The nexin link and B-tubule glutamylation maintain the alignment of outer doublets in the ciliary axoneme

Lea M. Alford, Daniel Stoddard, Jennifer H. Li, Emily L. Hunter, Douglas Tritschler, Raqual Bower, Daniela Nicastro, Mary E Porter, Winfield S. Sale

Research output: Contribution to journalArticle

10 Citations (Scopus)

Abstract

We developed quantitative assays to test the hypothesis that the N-DRC is required for integrity of the ciliary axoneme.
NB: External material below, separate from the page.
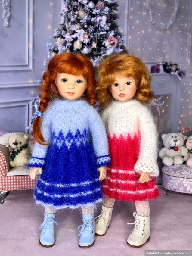 В этом зимнем сезоне я увлеклась вязанием из кид- мохера для моих любимых моделей Плюшечек, рост 26-27 см. Не смогла удержаться, хотя несколько лет я избегала из него вязать, уж очень он тонкий. Но эти сочные, яркие цвета меня просто покорили! Все платья я связала спицами 1,5 мм, нитки Kid Royal Mohair Alize.

We examined reactivated motility of demembranated drc cells, commonly termed “reactivated cell models.” ATP-induced reactivation of wild-type cells resulted in the forward swimming of ∼90% of cell models. ATP-induced reactivation failed in a subset of drc cell models, despite forward motility in live drc cells. Dark-field light microscopic observations of drc cell models revealed various degrees of axonemal splaying. In contrast, >98% of axonemes from wild-type reactivated cell models remained intact. The sup-pf4 and drc3 mutants, unlike other drc mutants, retain most of the N-DRC linker that interconnects outer doublet microtubules. Reactivated sup-pf4 and drc3 cell models displayed nearly wild-type levels of forward motility. Thus, the N-DRC linker is required for axonemal integrity. We also examined reactivated motility and axoneme integrity in mutants defective in tubulin polyglutamylation. ATP-induced reactivation resulted in forward swimming of >75% of tpg cell models. Analysis of double mutants defective in tubulin polyglutamylation and different regions of the N-DRC indicate B-tubule polyglutamylation and the distal lobe of the linker region are both important for axonemal integrity and normal N-DRC function.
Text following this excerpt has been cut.